I agree that it seems strange. You might want to make a scatter plot of the results, say for N=100, (maybe for less than 10000 runs) to see if your calculated standard deviation seems reasonable.
 
  • #3
kelly0303 said:
Hello! I have 2 probabilities ##p_1## and ##p_2## which governs the probability of measuring some events. I measure event 1 N times and get ##N_1## counts and event 2 N times and get ##N_2## counts.
Can you explain -- for the rest of us :wink: -- what it means if you 'measure an event' ?

I have measured a lot of things, but never events.

##\ ##
 
  • #4
BvU said:
Can you explain -- for the rest of us :wink: -- what it means if you 'measure an event' ?

I have measured a lot of things, but never events.

##\ ##
In my case I have a 2 level system, which is prepared in a given state, and it then evolves to the other state with a given probability. In this case an event is a measurement in the second state that produces a count.
 
  • Like
Likes BvU
  • #5
kelly0303 said:
In my case I have a 2 level system, which is prepared in a given state, and it then evolves to the other state with a given probability. In this case an event is a measurement in the second state that produces a count.
One of my concerns was whether the two events you are measuring are independent. I don't know if a dependence between them might explain the phenomenon that you have observed.
 
  • #6
FactChecker said:
One of my concerns was whether the two events you are measuring are independent. I don't know if a dependence between them might explain the phenomenon that you have observed.
Sorry for the confusion. My question is purely theoretical now (I want to understand how to estimate an uncertainty using Monte Carlo). For the purpose of the question we can assume they are independent (the are also independent in the actual experiment, but the situation there is much more complicated that this example). Basically what I did was to generate these numbers in Python, compute A, and then get the mean and standard deviation. For reference this is all the code I used:

Code:
import numpy as np

N = 1000
M = 10000

counts_up = np.random.binomial(N,0.06,M)
counts_down = np.random.binomial(N,0.02,M)
A = (counts_up-counts_down)/(counts_up+counts_down)
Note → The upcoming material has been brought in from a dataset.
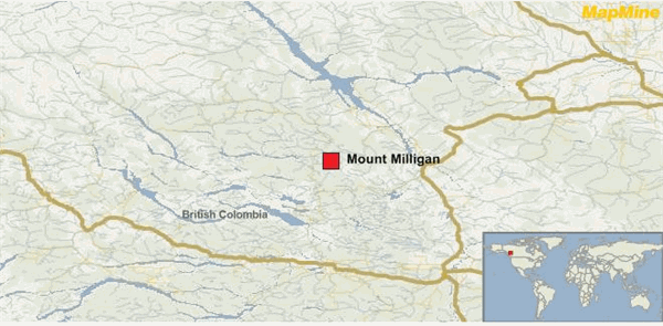 Mt. Milligan is located 155 km northwest of Prince George, BC. Map from Infomine.

print(np.nanmean(A),np.nanstd(A))
 
Last edited:
  • Like
Likes Dale
  • #7
I don't know numpi, but I am very leary of reusing the exact same name of a variable and an array as you have for counts_up in line 8 (same for counts_down). Why not use a different name? You are not charged for them. ;-)
 
  • #8
kelly0303 said:
It seems like the actual estimate for A is much closer to the real value (0.5) than the obtained uncertainty. Am I doing something wrong?
No. At least nothing there seems wrong to me. Why do you think there is something wrong?

I think you may be confusing the standard deviation with the standard error of the mean. The uncertainty of ##A## is ##\sigma_A##, the standard deviation of ##A##. It seems like you are concerned that your ##\bar A## is much closer to ##\mu_A## (0.5) than ##\sigma_A##. But that is not a problem. ##\bar A## has a different distribution than ##A##. The uncertainty in ##\bar A## is usually called the standard error and will be about ##\sigma_{\bar A}=\sigma_A/\sqrt{M}##. This seems reasonable based on the numbers you reported.
 
Last edited:
  • Like
Likes FactChecker
  • #9
Dale said:
No. At least nothing there seems wrong to me. Why do you think there is something wrong?
I am really new to MC, but I am not sure what I should get out of it. If I need to use A in other equations, where I also need to apply MC, will I need to sample A from the mean and standard deviation obtained above? Or should I use the mean and standard deviation obtained above directly?
 
  • #10
Dale said:
No. At least nothing there seems wrong to me. Why do you think there is something wrong?
It does seem strange to me that his sample means in three cases are so close to the theoretical value that the sample standard deviations are orders of magnitude greater than the errors. I would like to see the results of a few more runs to see if that was just luck.
 
  • #11
kelly0303 said:
I am really new to MC, but I am not sure what I should get out of it. If I need to use A in other equations, where I also need to apply MC, will I need to sample A from the mean and standard deviation obtained above? Or should I use the mean and standard deviation obtained above directly?
What you have is a large number of samples of ##A##. Let’s denote that as ##\{A_i\}=\{A_1,…,A_M\}##. If you need future draws of ##A## then there are three approaches:

1) you can generate a new draw directly using the generating process of ##A## that you described in the OP and in your python code.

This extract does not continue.